- **Source material**

=====

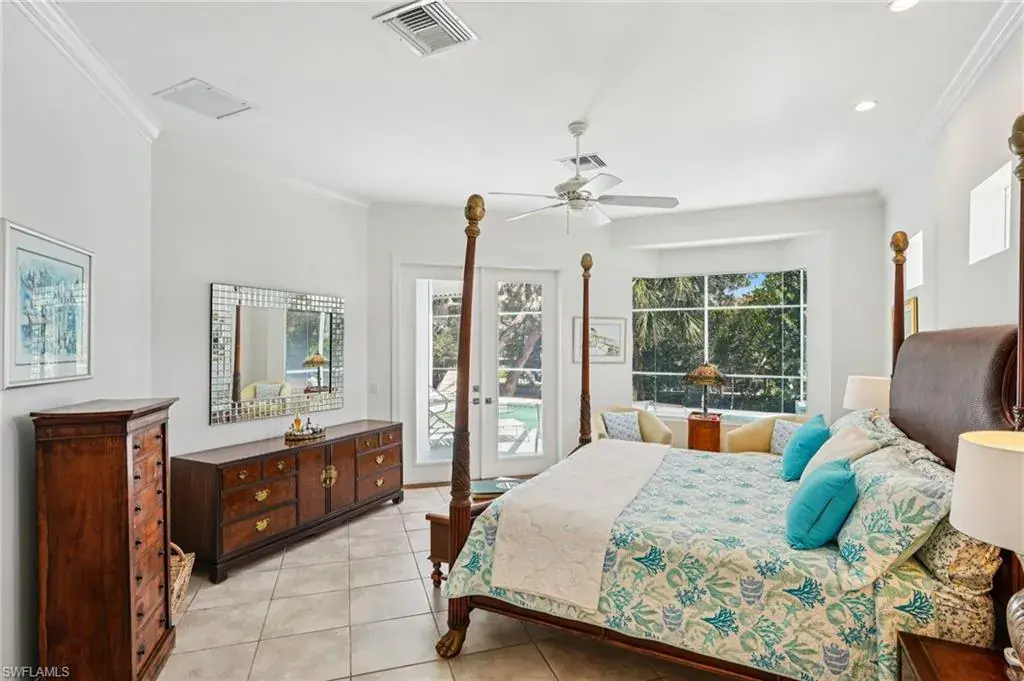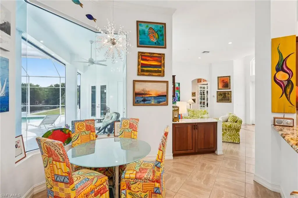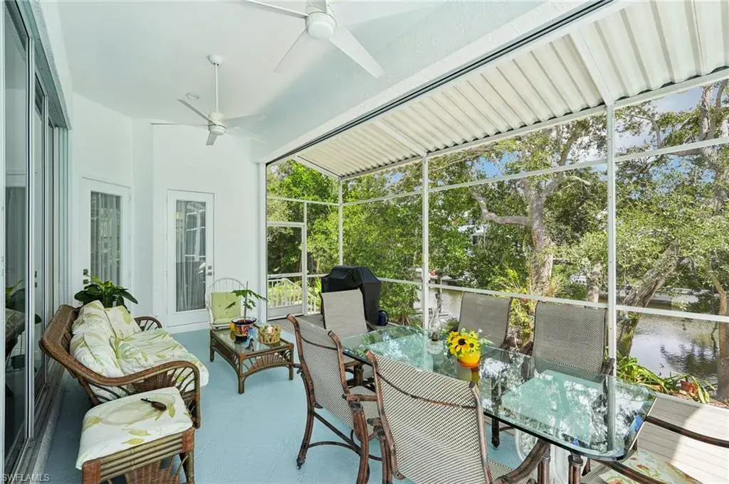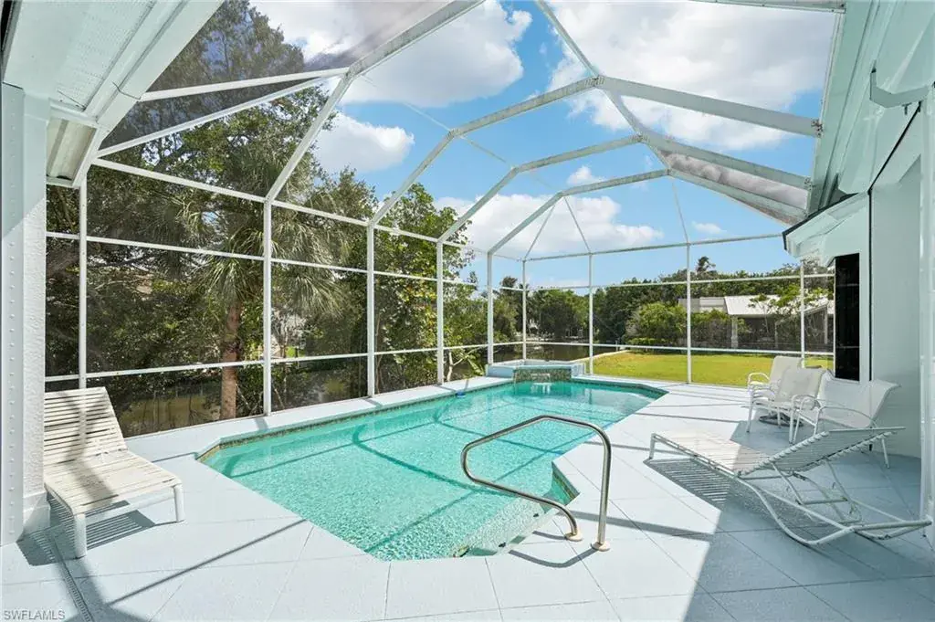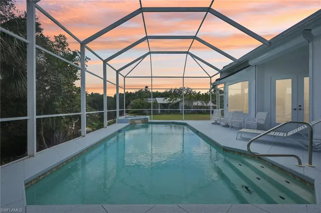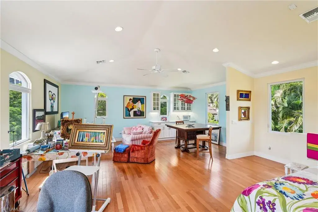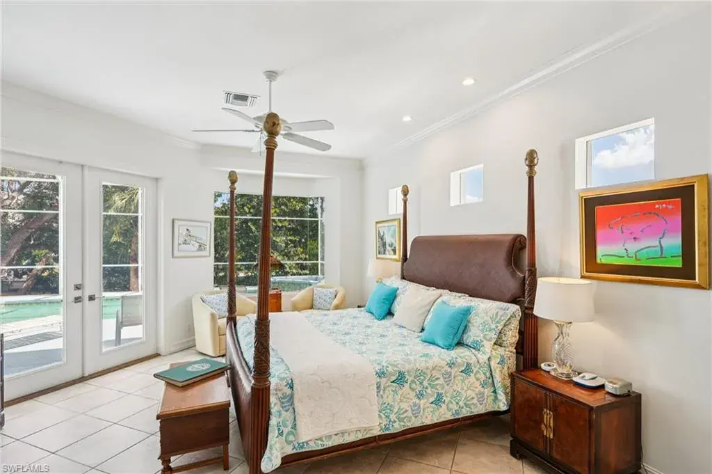 Waterfront Seagate home with tranquil mangrove views and a private dock on a navigable canal (indirect Gulf access; bridge/tidal—well-suited to kayaks, paddleboards, and smaller craft). Everyday living extends outdoors to a deep covered lanai and a screened, heated pool with a water feature and dedicated planting bed. A private, carriage-style studio suite sits above the three-car garage—currently configured as an art studio—with a kitchenette and full bath; its separation from the main house makes it ideal for visiting guests, creative work, or quiet retreat. Inside the main residence, four en-suite bedrooms include a first-floor primary retreat opening by French doors to the lanai, plus a nearby guest en-suite. A light-filled den with built-ins, a formal living room, and a separate family room support both entertaining and downtime, while the island kitchen and a breakfast nook overlook the pool. Peace-of-mind features include impact-rated windows and electric roll-down shutters; practical updates include newer A/C, water heater, and pool pump, fresh exterior paint, and a 2025 roof. The attached three-car garage adds a storage room and interior stairs to the studio.
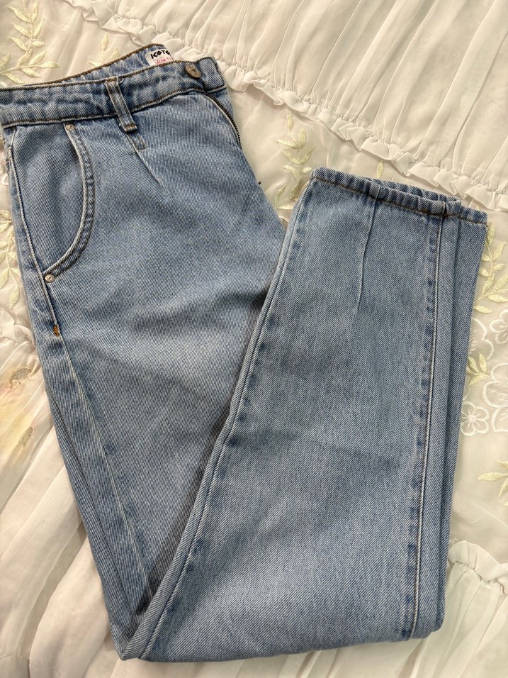 Mavi denim kumaştan, pilili ve salaş kesime sahip midi uzunlukta kadın kot pantolon. Günlük kullanıma uygun rahat ve trend bir model.
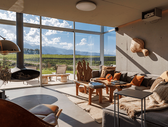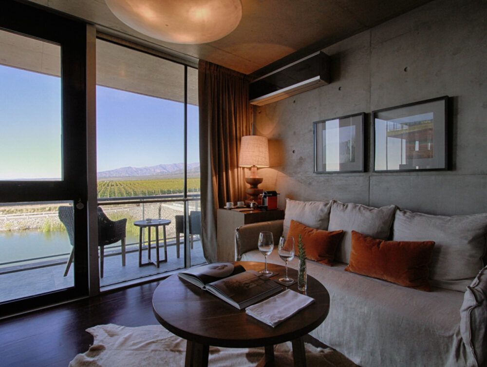 L’architecture contemporaine de l’hôtel s’intègre harmonieusement à son environnement naturel, avec de larges baies vitrées offrant des vues imprenables sur les montagnes et les vignes. Les suites, élégantes et épurées, allient design moderne et confort haut de gamme. Les espaces communs invitent à la détente, tandis que la gastronomie et les vins de la propriété mettent à l’honneur le terroir de la Vallée de Uco, pour un séjour exclusif au cœur de l’une des plus belles régions viticoles d’Argentine.

=====

- **About this task**
Could you output the lines above exactly, with no pictures included?

- **Solution to this problem**
 Waterfront Seagate home with tranquil mangrove views and a private dock on a navigable canal (indirect Gulf access; bridge/tidal—well-suited to kayaks, paddleboards, and smaller craft). Everyday living extends outdoors to a deep covered lanai and a screened, heated pool with a water feature and dedicated planting bed. A private, carriage-style studio suite sits above the three-car garage—currently configured as an art studio—with a kitchenette and full bath; its separation from the main house makes it ideal for visiting guests, creative work, or quiet retreat. Inside the main residence, four en-suite bedrooms include a first-floor primary retreat opening by French doors to the lanai, plus a nearby guest en-suite. A light-filled den with built-ins, a formal living room, and a separate family room support both entertaining and downtime, while the island kitchen and a breakfast nook overlook the pool. Peace-of-mind features include impact-rated windows and electric roll-down shutters; practical updates include newer A/C, water heater, and pool pump, fresh exterior paint, and a 2025 roof. The attached three-car garage adds a storage room and interior stairs to the studio.
 Mavi denim kumaştan, pilili ve salaş kesime sahip midi uzunlukta kadın kot pantolon. Günlük kullanıma uygun rahat ve trend bir model.
 L’architecture contemporaine de l’hôtel s’intègre harmonieusement à son environnement naturel, avec de larges baies vitrées offrant des vues imprenables sur les montagnes et les vignes. Les suites, élégantes et épurées, allient design moderne et confort haut de gamme. Les espaces communs invitent à la détente, tandis que la gastronomie et les vins de la propriété mettent à l’honneur le terroir de la Vallée de Uco, pour un séjour exclusif au cœur de l’une des plus belles régions viticoles d’Argentine.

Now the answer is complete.